Lorsque Dieu lui a révélé son chemin, la route nouvelle et vivante, qui mène au sanctuaire à travers la chair de Jésus, Hé. 10, 19 et 20, il a été fidèle envers cette lumière, et il a commencé à en faire part, tant oralement que par écrit, à d’autres croyants, et entre autres aux dirigeants chrétiens dont il pensait qu’ils étaient les mieux placés pour recevoir cette lumière. Mais ils sont devenus ses adversaires. Ce que l’un d’eux a dit est très caractéristique :
« C’est sans doute vrai, mais on ne réunira pas beaucoup de monde de cette manière-là. »
On a donc préféré taire la vérité, lui résister, et même mettre en garde contre elle et la condamner, plutôt que de l’accepter et de l’annoncer, puisqu’elle aurait eu pour conséquence qu’il y aurait eu peu d’adhérents et de membres ! Quelle terrible infidélité !

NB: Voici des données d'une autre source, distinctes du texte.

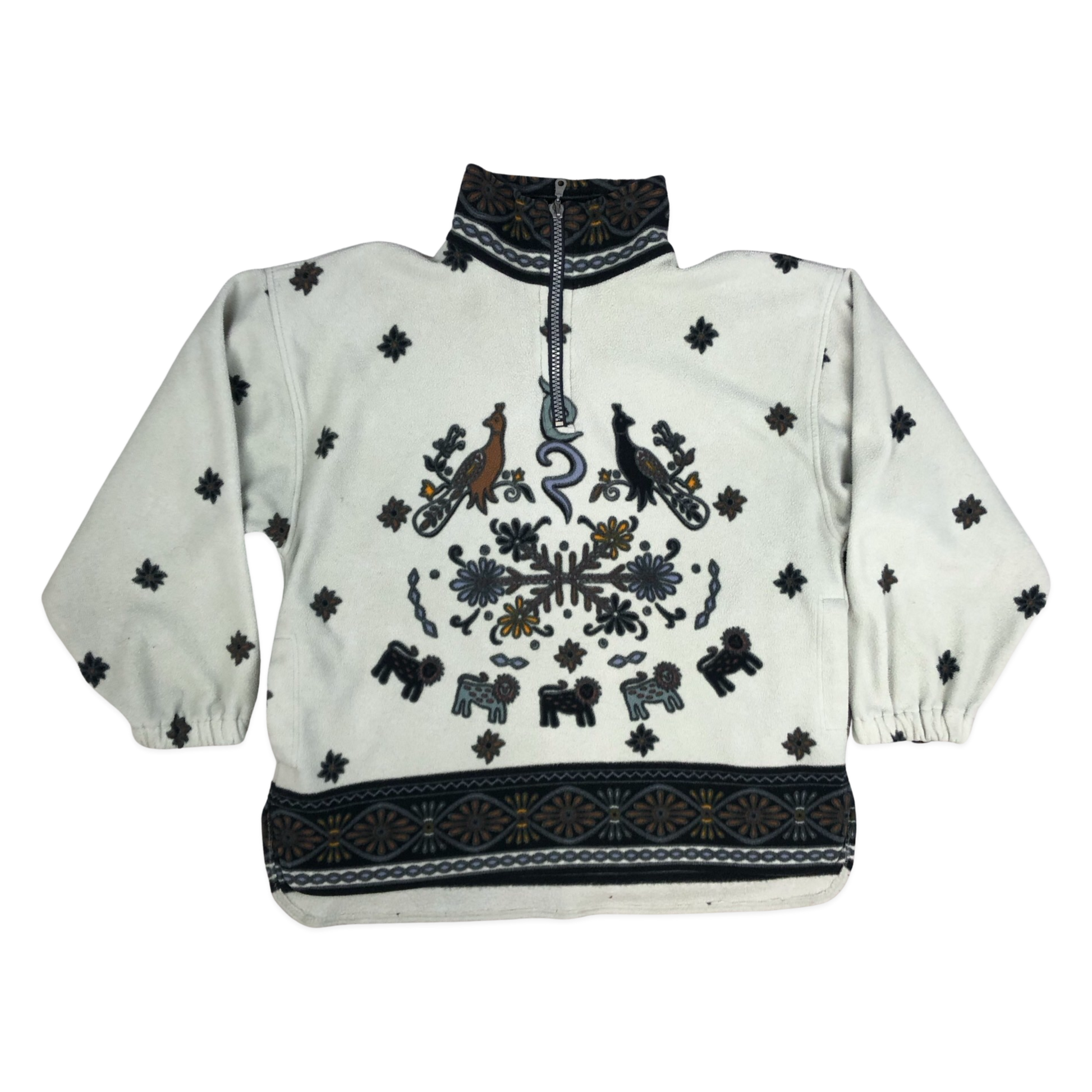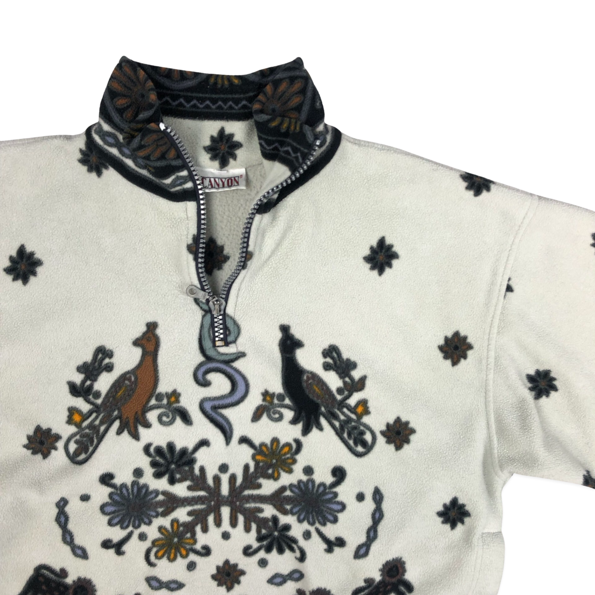 Vintage 1/4-zip fleece pullover with abstract print and side pockets.
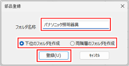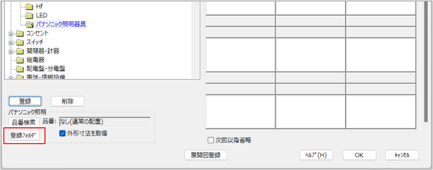 次回以降、パナソニック社の照明器具は作成したフォルダに登録されます。
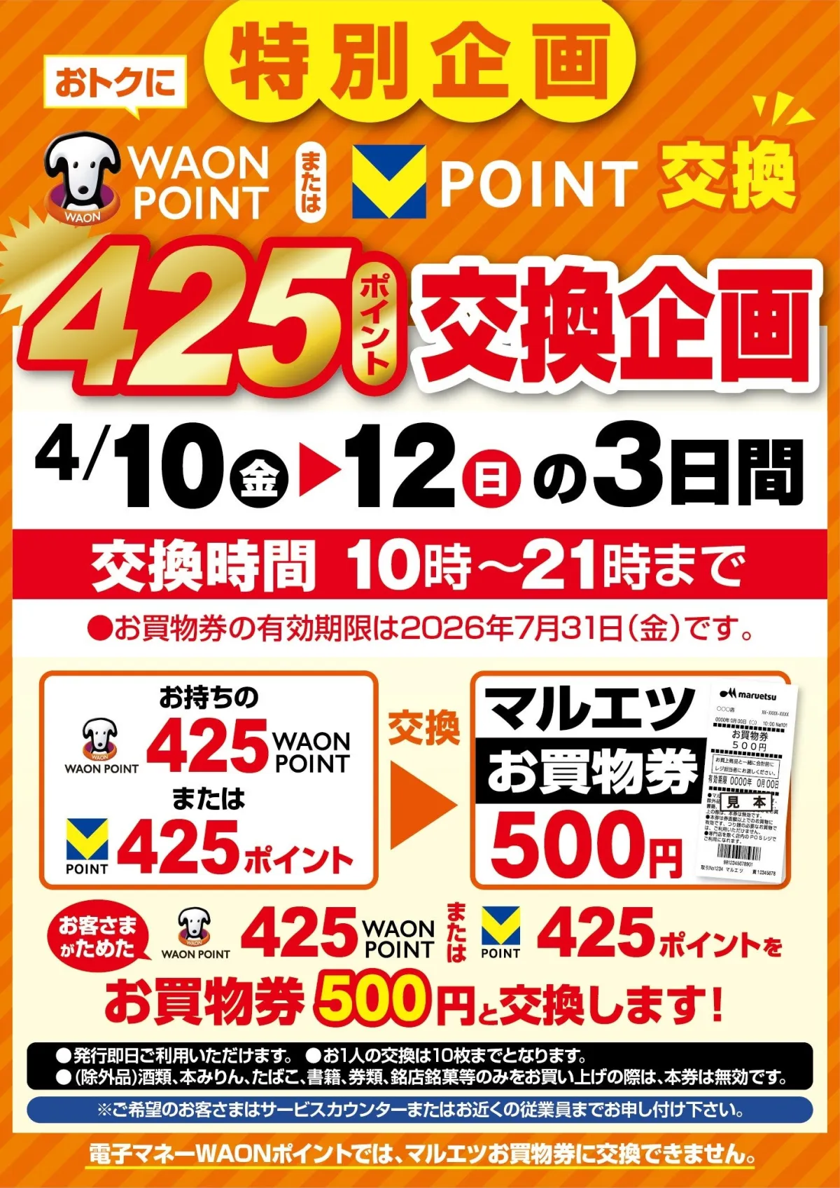 先日、株式会社マルエツが発表した新たな交換企画が注目を集めています。2026年4月10日から4月12日までの3日間、マルエツ全店舗(魚悦糀谷店を除く)にて、持っているWAON POINTまたはV POINTを使って、500円分のお買物券と交換できる特別なキャンペーンを実施します。この機会を利用すれば、425ポイントで500円券を手に入れることができるため、通常の交換条件よりもお得感が増しています。
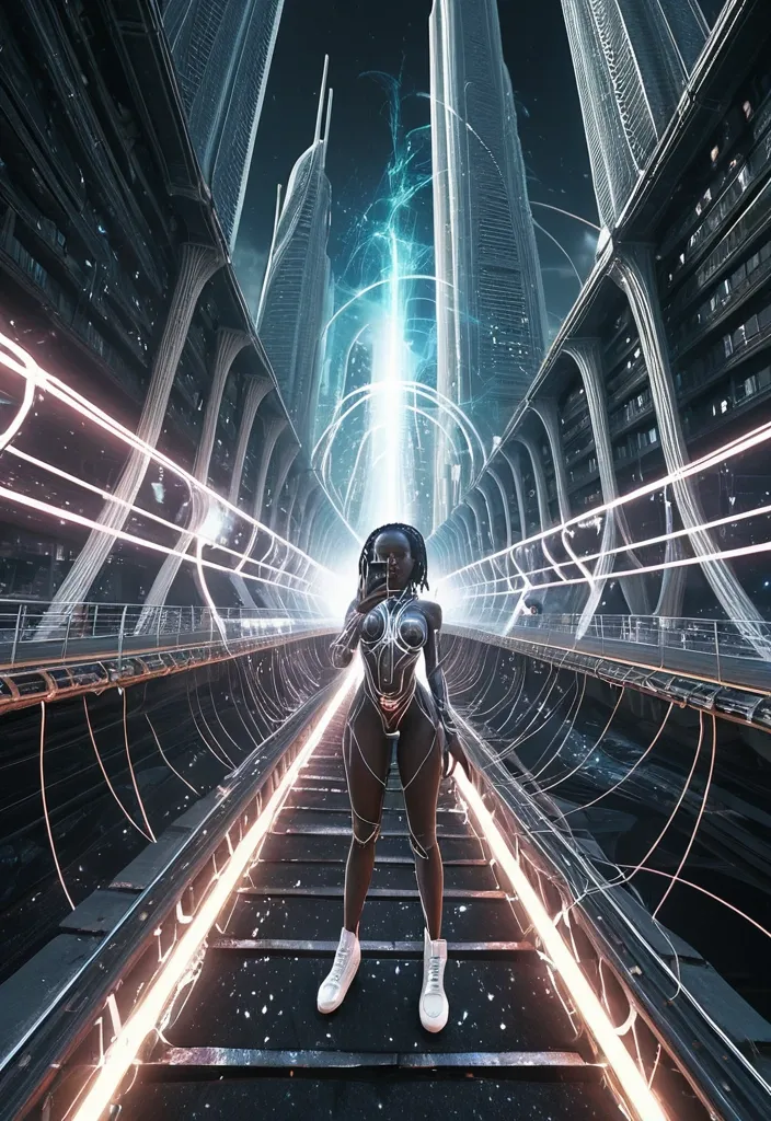 Fish eye view , a surreal bridge Melting by a African-female , standing on a desolate , alien planet , huge monolith vertical city where skyscrapers are connected by bridges and metros train running on track , trains passing inside the building , Public Building , Organic Futurism. female taking selfie , female is created by laying neon threads are bent to create a shape without overlapping or intersecting , Style: Celestial , ethereal , abstract , digital art smoking: Dramatic backlighting , bright glowing particles , contrasting dark background Composition: dynamic diagonal composition , upward gaze Details: Sparkling white waves and smoke , streaking white light trails , sense of movement and wonder , magical atmosphere Quality: High detail , 4K , Masterpiece , Rendered in Octane ,
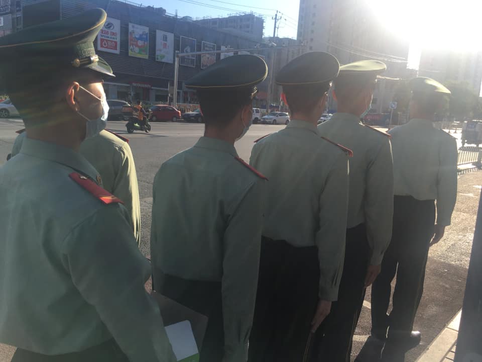 The last week of May, the teachers were at Kaiwen getting ready to welcome back the students. It was exciting since some high school grades were already there and most of the teachers were there. We were printing out our work, making preparations for teachers that wouldn’t be back on time, and learning how to open under the government’s preventative measures. I have never been so excited to head back to school and I can say that with 100% honesty. The Party was also meeting the last week and there were soldiers everywhere! I mean at subway entrances, crossing the streets, and even camped outside my school in tents. They were guarding the communications tower that lies on the edge of our campus and were there all week. I know that many would be intimidated by the thought of uniformed soldiers walking around, but it was the complete opposite. They didn’t carry guns or any other noticeable weapons, it seemed they were just meant to be a reassuring presence. I managed to get a few photos of them in different places because they weren’t hard to spot!
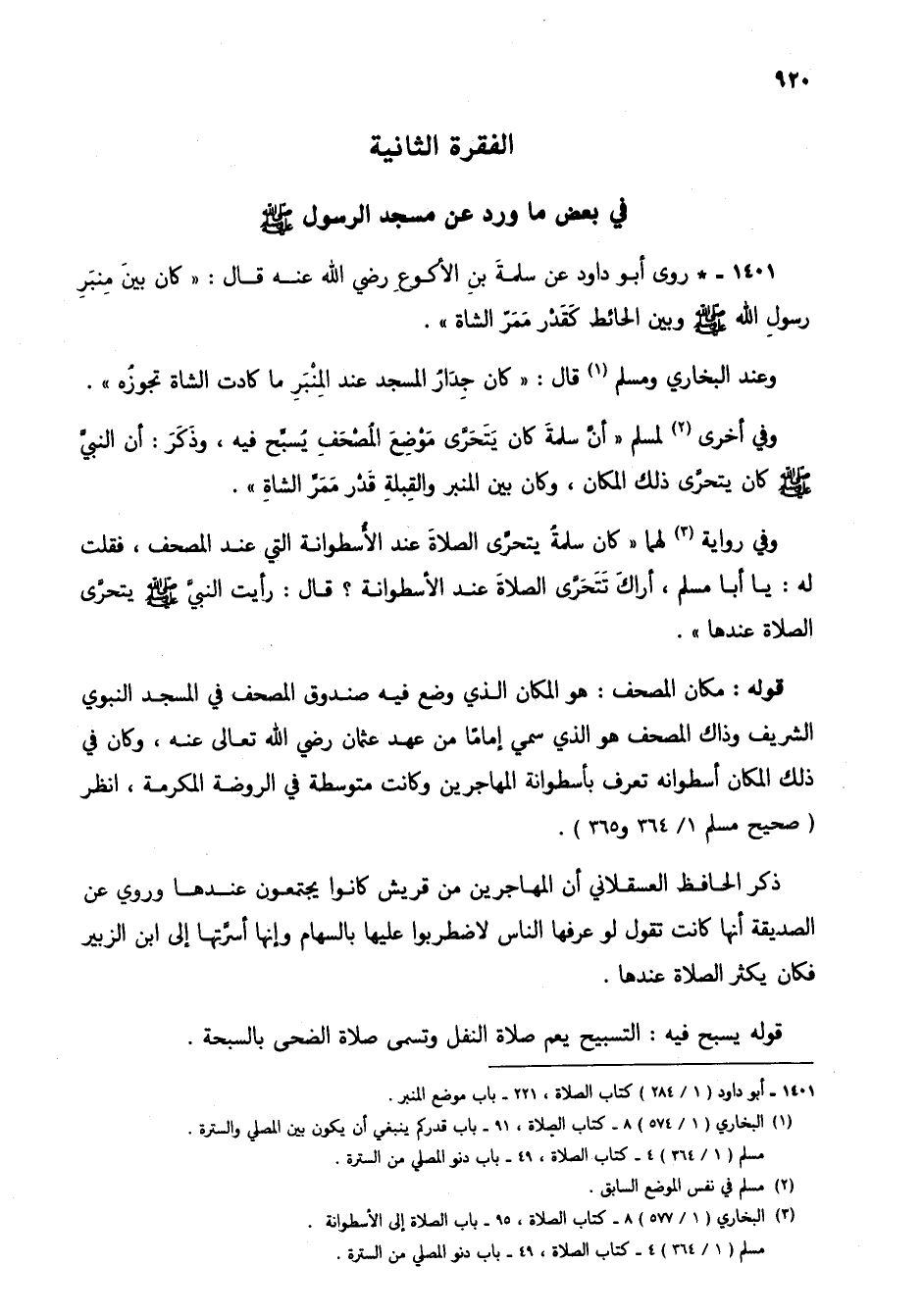 1401 - * روى أبو داود عن سلمة بن الأكوع رضي الله عنه قال: "كان بين منبر رسول الله صلى الله عليه وسلم وبين الحائط كقدر ممر الشاة".

Nous devons d’autant plus fortement louer Dieu et le remercier pour la fidélité du fr. Smith ! Bien qu’il ait rencontré de la résistance de quelque côté qu’il se soit tourné, il a gardé fidèlement la lumière que Dieu lui avait donnée avec une telle clarté et une telle précision. Il a choisi – s’il le fallait – de rester seul tout le reste de sa vie, en dehors du camp, dans la fidélité envers son Seigneur et Maître, plutôt que d’être infidèle pour être ainsi approuvé par la foule.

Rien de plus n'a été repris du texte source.